Davies calls his book Flat Earth News as a metaphor of the recycling by the press of unproven stories such as the ‘millennium bug’. This failed to materialise and yet the government spent between £396 million and £788 million to combat its expected effects!

Right at the beginning, he states that his investigation led to the conclusion that “almost all journalists across the whole developed world now work within a kind of professional cage, which distorts their work and crushes their spirit. I’m talking about the fact that finally I was forced to admit that I work in a corrupted profession”.

And why is this so? Nick Davies does not provide the obvious answer which flows from his analysis; that it is because of the ruthless control operated by a handful of billionaires to determine what we read, see and hear. This can be easily deduced from the detail he provides of the ownership of this powerful medium: “The American media critic Ben Bagdikian has traced the corporate takeover. In 1997, he wrote about the corporations producing America’s newspapers, magazines, radio, television, books and films: ‘With each passing year… the number of controlling firms in all these media has shrunk: from 50 corporations in 1984 to 26 in 1987, followed by 23 in 1990, and then, as the borders between the different media began to blur, to less than 20 in 1993. In 1996 [it] is closer to ten’. By 2004, he found the US media was dominated by just five companies: Time Warner, Disney, Murdoch’s News Corporation, Bertelsmann of Germany and Viacom”.
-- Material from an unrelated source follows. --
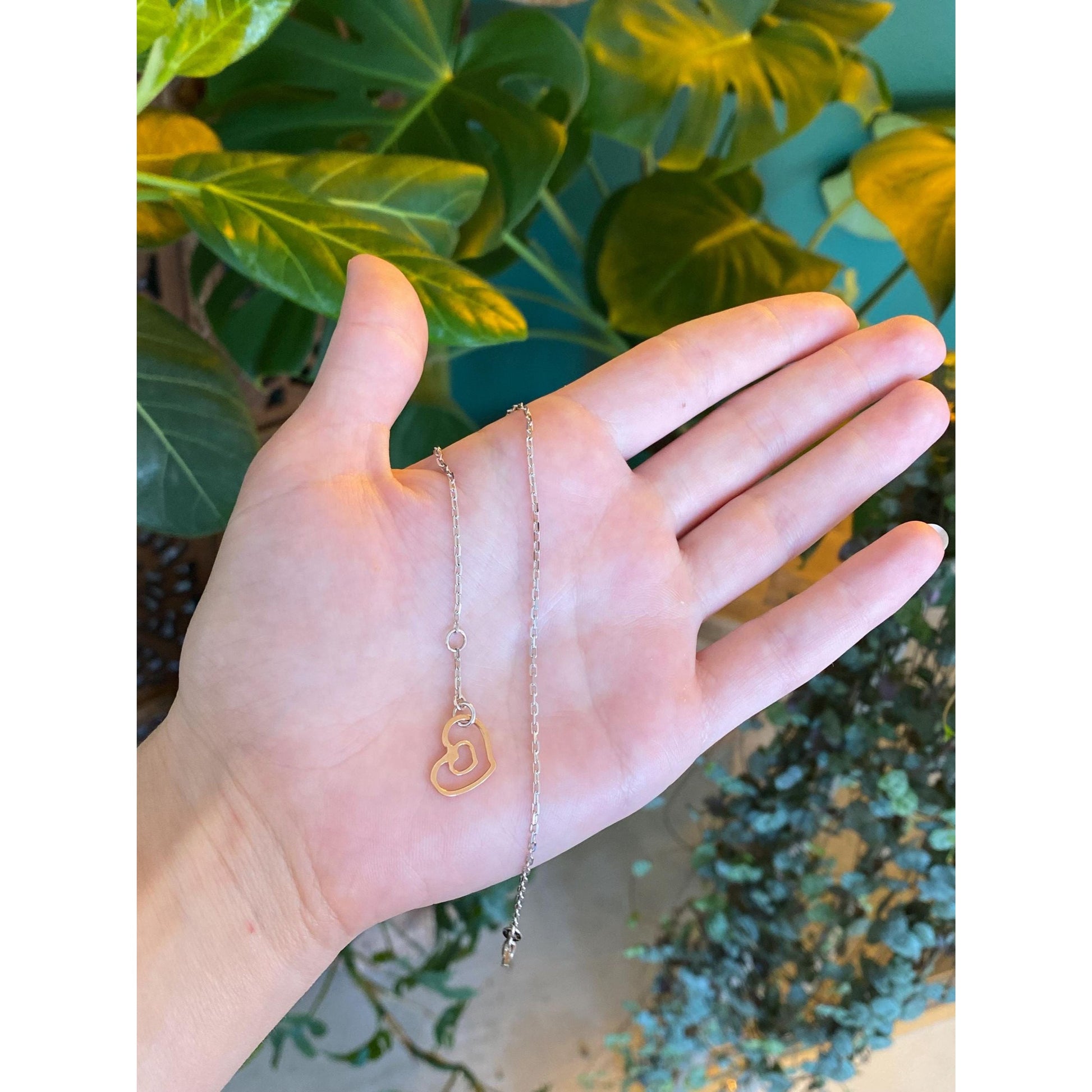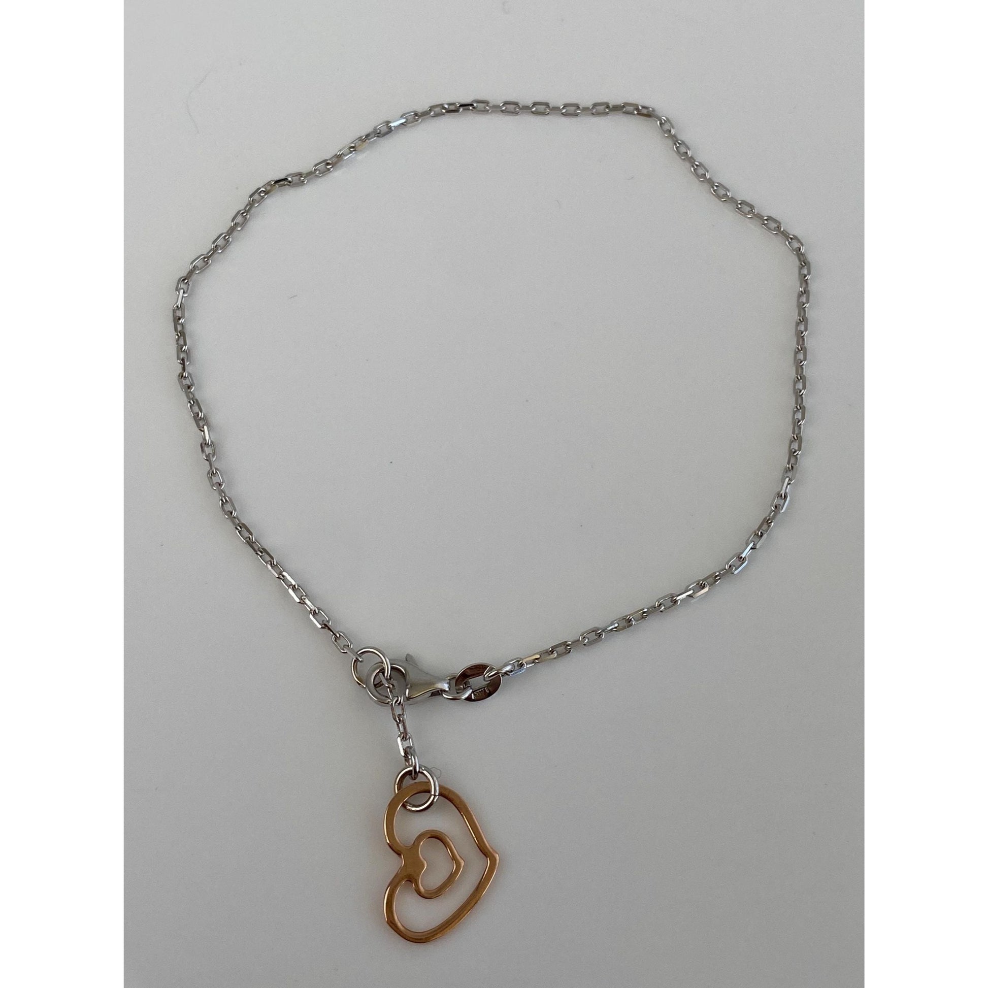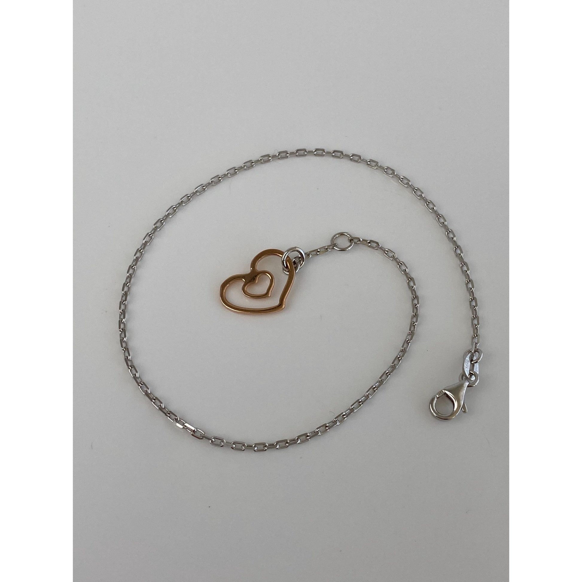 Vintage Solid 14k White & Rose Gold Biker Link Chain Heart Bracelet/Anklet - 9.75 inches

Conversely, the number of people employed in the industry fell by 18% between 1990 and 2004. In one twelve-month period in 2004-05, some 450 journalists were pushed out of their jobs in the New York Times, San Francisco Chronicle, etc. At the same time, the average operating profit margin of these media corporations was 20.5%, approximately twice as high as the level among Fortune 500 companies. The situation in Britain is no better, with the domination of the likes of Murdoch: “The more I looked, the more I found falsehood, distortion and propaganda running through the outlets of an industry which is supposed to be dedicated to the very opposite, ie to telling the truth”.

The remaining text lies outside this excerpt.